Aktivis 98 menolak RUU Pilkada yang dinilai mengembalikan aroma Orde Baru yang kala itu mereka tentang sampai terjadinya reformasi.

oleh Ahmad Romadoni diperbarui 11 Sep 2014, 14:06 WIB
Sebuah layar proyektor menunjukkan hasil survei dari LSI mengenai alasan menolak Pilkada DPRD, Jakarta, Selasa (9/9/2014) (Liputan6.com/Andrian M Tunay)

Liputan6.com, Jakarta - Rancangan Undang-Undang Pemilihan Kepala Daerah (RUU Pilkada) terus mendapatkan perlawanan.
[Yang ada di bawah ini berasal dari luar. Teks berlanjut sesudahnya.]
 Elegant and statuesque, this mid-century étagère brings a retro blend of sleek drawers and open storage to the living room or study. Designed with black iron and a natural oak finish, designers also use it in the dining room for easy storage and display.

Kini giliran eksponen atau aktivis pergerakan mahasiswa 1998 turut angkat bicara menolak RUU Pilkada yang dinilai mengembalikan aroma Orde Baru yang kala itu mereka tentang sampai terjadinya reformasi.

Mantan aktivis Forum Komunikasi Senat Mahasiswa se-Jabotabek (FKSMJ) Sarbini mengatakan, saat ini pemegang peran utama ada pada Presiden Susilo Bambang Yudhoyono (SBY). Menurut dia, SBY harus memikirkan matang-matang untuk menerapkan UU Pilkada yang baru kalau nantinya disahkan DPR.
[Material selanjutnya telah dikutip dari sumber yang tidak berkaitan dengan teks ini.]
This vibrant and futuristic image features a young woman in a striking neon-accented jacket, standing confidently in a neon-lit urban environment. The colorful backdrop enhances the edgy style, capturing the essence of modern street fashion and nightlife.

"SBY dapat meninggalkan hal buruk dengan mengeluarkan undang-undang yang menjadi pekerjaan rumah ke depan. Sistem Orde Baru justru dikembalikan," kata mantan Ketua Senat Universitas 17 Agustus 1945 tersebut.

Sementara, Ray Rangkuti dari LIMA Indonesia mengaku bingung dengan sikap SBY. Sebelumnya, pemerintahan SBY melalui Mendagri mengajukan RUU Pilkada. Namun saat banyak partai mendukung, Gamawan Fauzi sebagai Mendagri justru menolak keras.

Di sisi lain, menurut Ray, Fraksi Partai Demokrat di DPR malah sangat kencang untuk mengesahkan RUU Pilkada. Kedua belah pihak beda pandangan itu berada di bawah kendali SBY. Mendagri merupakan pembantu presiden, di sisi lain SBY adalah Ketua Umum Partai Demokrat.

"SBY maunya apa? Satu sisi badan dia menandakan langsung, satu sisi tidak langsung karena 2 pihak ini dari dia. Ini Demokrat ketuanya SBY. Menterinya ingin langsung, tapi fraksinya ingin tidak langsung. Sebenarnya dia (SBY) maunya langsung atau tidak? Jadi kita tunggu sikap SBY," ujar Ray.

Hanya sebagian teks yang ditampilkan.